#### EXERCISE REQUIREMENTS
Locate the line containing "31153252 Muellheim Baden" in the entries below, then retype it and every later line exactly, leaving out pictures.

#### Source data
★ ★ ★ ★ ★ ★ ★

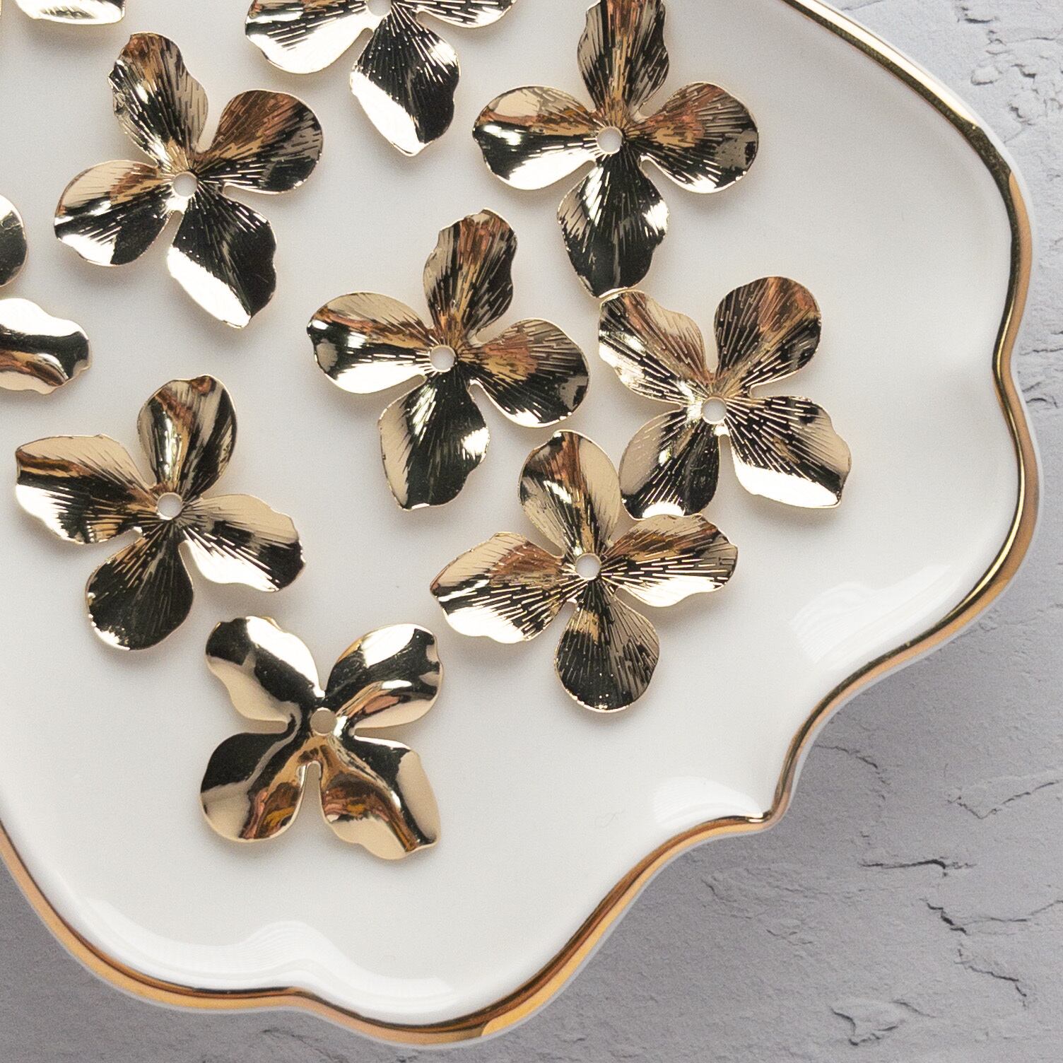 ※こちらの商品は2〜5枚目の写真のように穴の位置のズレ、マット加工のハゲ、メッキの浮き、花びらに針で刺したようなくぼみが見られるものの詰め合わせとなっております。
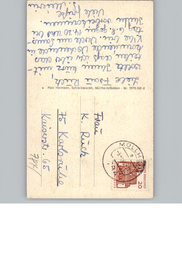 31153252 Muellheim Baden postalisch nicht gelaufen KatCode: 11110008315074
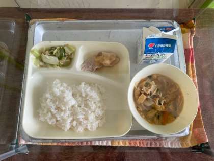 今日の献立は、鶏肉のおろし醤油かけ、野菜炒め、みそ汁、ごはん、牛乳です。
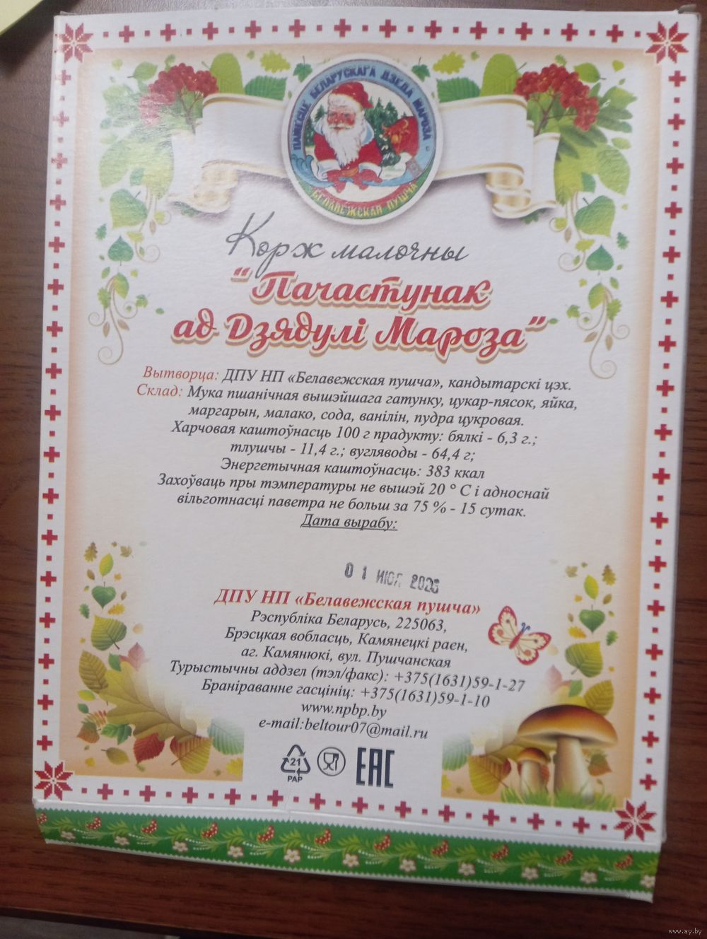 упаковка кондитерского изделия — молочного коржа «Пачастунак ад Дзядулі Мароза» (Угощение от Деда Мороза).
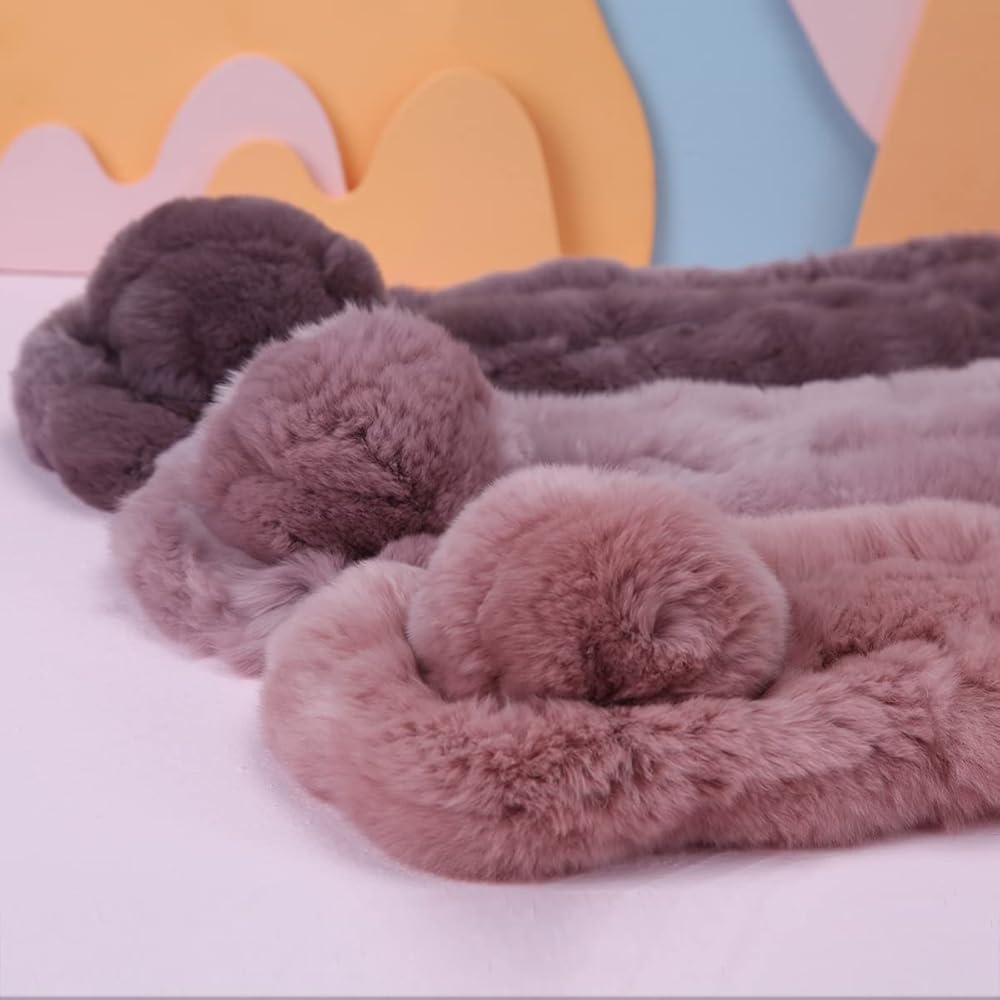 • This winter scarf is durable and has a lovely hand feel. Rex rabbit resists fading and pilling like no other material.
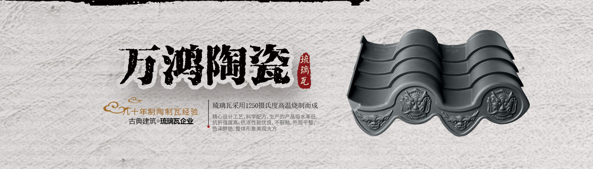 宜興市萬鴻陶瓷有限公司是國內(nèi)生產(chǎn)古建琉璃瓦企業(yè),也是宜興市琉璃瓦行業(yè)龍頭骨干企業(yè)。琉璃瓦采用1250攝氏度高溫燒制而成,公司座落經(jīng)濟發(fā)達的宜興市丁山鎮(zhèn),臨近寧杭高速公路、新長鐵路、錫宜高速和104國道,交通十分便利。  萬鴻陶瓷擁有幾十...
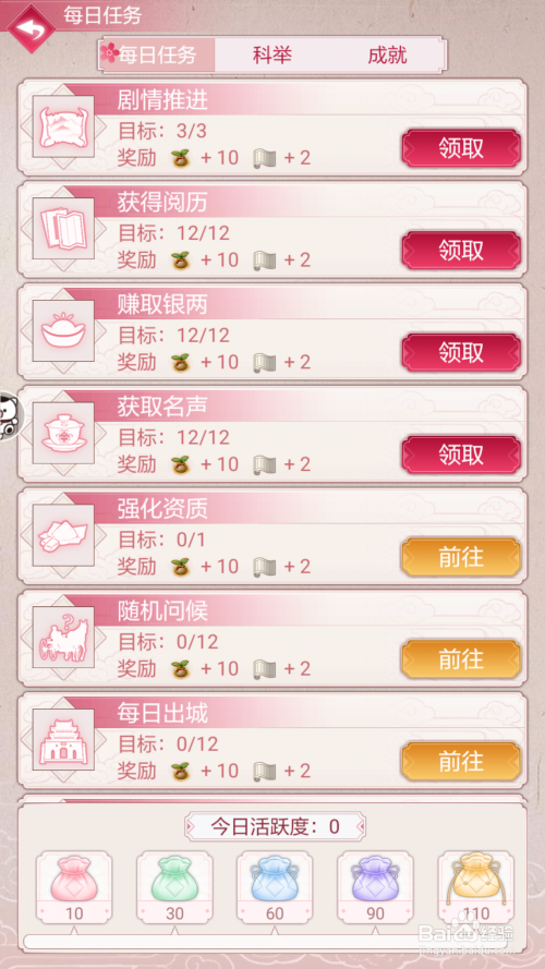 第二步:如下图所示,会展示出每日使命,完当作使命就可以领取奖励。
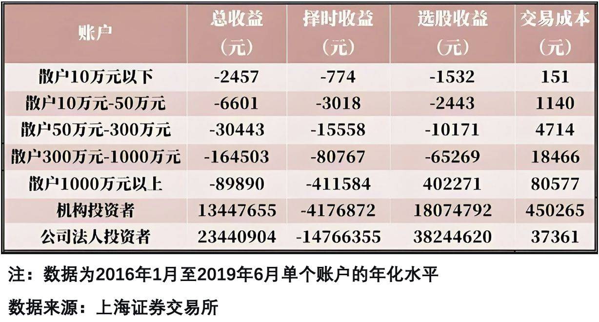 说出来可能伤自尊,但数据不会说谎。上交所2016-2019年的统计显示:所有资金规模的个人投资者平均收益都是负数。相比之下,机构投资者平均赚了1344万。更讽刺的是,2015年大牛市里散户亏得更多!

★ ★ ★ ★ ★ ★ ★

#### PROBLEM SOLUTION
 31153252 Muellheim Baden postalisch nicht gelaufen KatCode: 11110008315074
 今日の献立は、鶏肉のおろし醤油かけ、野菜炒め、みそ汁、ごはん、牛乳です。
 упаковка кондитерского изделия — молочного коржа «Пачастунак ад Дзядулі Мароза» (Угощение от Деда Мороза).
 • This winter scarf is durable and has a lovely hand feel. Rex rabbit resists fading and pilling like no other material.
 宜興市萬鴻陶瓷有限公司是國內(nèi)生產(chǎn)古建琉璃瓦企業(yè),也是宜興市琉璃瓦行業(yè)龍頭骨干企業(yè)。琉璃瓦采用1250攝氏度高溫燒制而成,公司座落經(jīng)濟發(fā)達的宜興市丁山鎮(zhèn),臨近寧杭高速公路、新長鐵路、錫宜高速和104國道,交通十分便利。  萬鴻陶瓷擁有幾十...
 第二步:如下图所示,会展示出每日使命,完当作使命就可以领取奖励。
 说出来可能伤自尊,但数据不会说谎。上交所2016-2019年的统计显示:所有资金规模的个人投资者平均收益都是负数。相比之下,机构投资者平均赚了1344万。更讽刺的是,2015年大牛市里散户亏得更多!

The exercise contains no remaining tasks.